# Detangled: a tool to pinpoint student confusion
by Enya, Erina, and Laura

## About
Short description

## How to use
1. Step one
2. Step two
3. Step three

In [None]:
## setup environment

import pandas as pd
import numpy as np
import matplotlib.pyplot as plt
import random
import string
import csv

from matplotlib.patches import Circle, RegularPolygon
from matplotlib.path import Path
from matplotlib.projections.polar import PolarAxes
from matplotlib.projections import register_projection
from matplotlib.spines import Spine
from matplotlib.transforms import Affine2D

import matplotlib.font_manager
from matplotlib import cm

from heapq import nlargest

# where to create or find rubric data file
path = r'/Users/enya/Downloads/cms.594_edtechdesign' #path = Path(r'path/to/dir')
fname = path + '/rubric.csv'

In [None]:
## create random raw data -- rubric data of points lost

#100 random student ids
studentid = [] 
for i in range(100):
    studentid.append( ''.join([random.choice(string.digits) for n in range(5)]))
    
headerList = ['student', "energyA", "kinematicsA", "mathA", "mathB", "graphC", "dimC"] #column names
maxpts_dict = dict(zip(headerList[1:], [1, 1, 1, 2, 1, 1])) #total number of points in each concept
maxpts = list(maxpts_dict.values())

# random data
enA = [np.random.choice(list(range(maxpts[0]+1)), p=[0.8, 0.2]) for x in range(100)]
kinA = [np.random.choice(list(range(maxpts[1]+1)), p=[0.95, 0.05]) for x in range(100)]

matA = [np.random.choice(list(range(maxpts[2]+1)), p=[0.75, 0.25]) for x in range(100)]
matB = [np.random.choice(list(range(maxpts[3]+1)), p=[0.8, 0.05, 0.15]) for x in range(100)]

grC = [np.random.choice(list(range(maxpts[4]+1)), p=[0.7, 0.3]) for x in range(100)]
dimC = [np.random.choice(list(range(maxpts[5]+1)), p=[0.7, 0.3]) for x in range(100)]

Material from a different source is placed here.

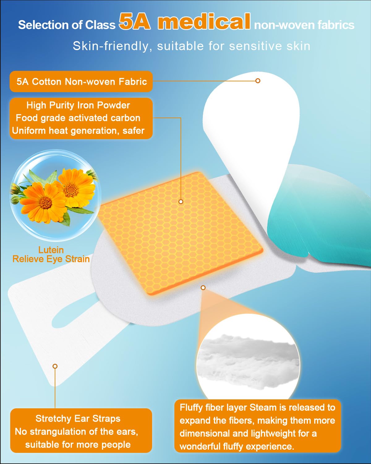 - ✔WARM AND RELAXING- The temperature of the Disposable Steam Eye mask Only 104℉-113℉. it ‘s just higher than the human body’s temperature in a little bit. so you will feel warm but not hot. This temperature lets you relax to sleep easily.

# generate file as csv in designated location
with open(fname, 'w', newline='') as file:
    writer = csv.writer(file)
    writer.writerow(headerList)
    writer.writerow([None]+maxpts)
    for i in range(100):
        row = [studentid[i], enA[i], kinA[i], matA[i], matB[i], grC[i], dimC[i]]
        writer.writerow(row)

In [None]:
### Data Analysis

In [None]:
## read and analyze raw data csv file

df = pd.read_csv(fname)

# extract general information
# student[0] or first line of data is max scores
ids = df.index.tolist()
concepts = list(df.columns[1:])
students = list(df["student"][1:])
tot_stud = len(students)
maxpts = df.iloc[0].values[1:].tolist()
maxpts_dict = {idx:float(df[idx][0]) for idx in concepts}

In [None]:
## general breakdown of raw data

bd1 = {} # find students who lost points in each concept
bd1_pct = {} # % of total students who lost points in each concept
bd1_pct_wt = {} # % of total students who lost points in each concept weighted by number of points lost

for idx in concepts:
    bd1[idx] = {}
    bd1_pct[idx] = float()
    for i in ids[1:]:
        if f'{df[idx][i]}' != str(0):
            bd1[idx][f'{df["student"][i]}'] = float(df[idx][i])/maxpts_dict[idx]
            # bd1={'concept1':{'student':pts lost, 'student:pts lost', ...}, 'concept2': ...}
    bd1_pct_wt[idx] = round(sum([bd1[idx][i] for i in bd1[idx]])/tot_stud, 3)
    # bd1_pct_wt={'concept1':%, 'concept2'...}
    bd1_pct[idx] = round(len(bd1[idx])/tot_stud, 3)
    #bd1_pct={'concept1':%, 'concept2'...}

In [None]:
## find correlations within each concept

bd2 = [] #weighted pts (by # of pts lost) of students who lost pts in concept1 and concept2/3/etc.
bd2_pct = {} # % of students who lost pts in each concept pairing weighted by # of pts lost
for idx in concepts:
    s = len(bd1[idx])
    temp = [x for x in concepts if x != idx]
    for i in range(len(temp)):
        corr = [bd1[idx][v]*bd1[temp[i]][v] for v in bd1[idx] if v in bd1[temp[i]]]
        n = f'{idx}_{temp[i]}'
        bd2.append({n:corr})
#         print(idx,temp[i],corr,s)
        bd2_pct[n] = round(sum(corr)/s, 3)
    
# topic_bd = []
# topic_bd_pct = {}
# for idx in concepts:
#     s = len(bd1[idx])
#     temp = [x for x in concepts if x != idx]
#     for i in range(len(temp)):
#         corr = [bd1[idx][v] for v in bd1[idx] if v in bd1[temp[i]]]
#         n = f'{idx}_{temp[i]}'
#         topic_bd.append({n:corr})
#         topic_bd_pct[n] = round(len(corr)/s, 2)

In [None]:
### Data Visualization

In [None]:
## Historgrams from CSV rubric data
# for concept in concepts:
#     plt.hist(df[concept], 3)
#     plt.xlabel(concept)
#     plt.ylabel("Number of Students")
#     plt.title("")
#     plt.show()



In [None]:
#Histogram of those who got energy wrong in q1a and at least one point off in the other questions
# name = concepts[0]
# data2 = df.loc[df[name] != 0]
# sums = [0,0,0,0,0]
# for index, row in data2.iterrows():
#     for index, concept in enumerate(concepts[1:]):
#         ptlost = row[concept]
#         if(ptlost!=0):
#             sums[index]+=1

# topics = concepts[1:]
# plt.bar(topics, sums)
# plt.title("Students who lost points on Kinematics a")
# plt.xlabel("Category")
# plt.ylabel("Number of Students")

In [None]:
# radar chart

def radar_factory(num_vars, frame='circle'):
    """
    Create a radar chart with `num_vars` axes.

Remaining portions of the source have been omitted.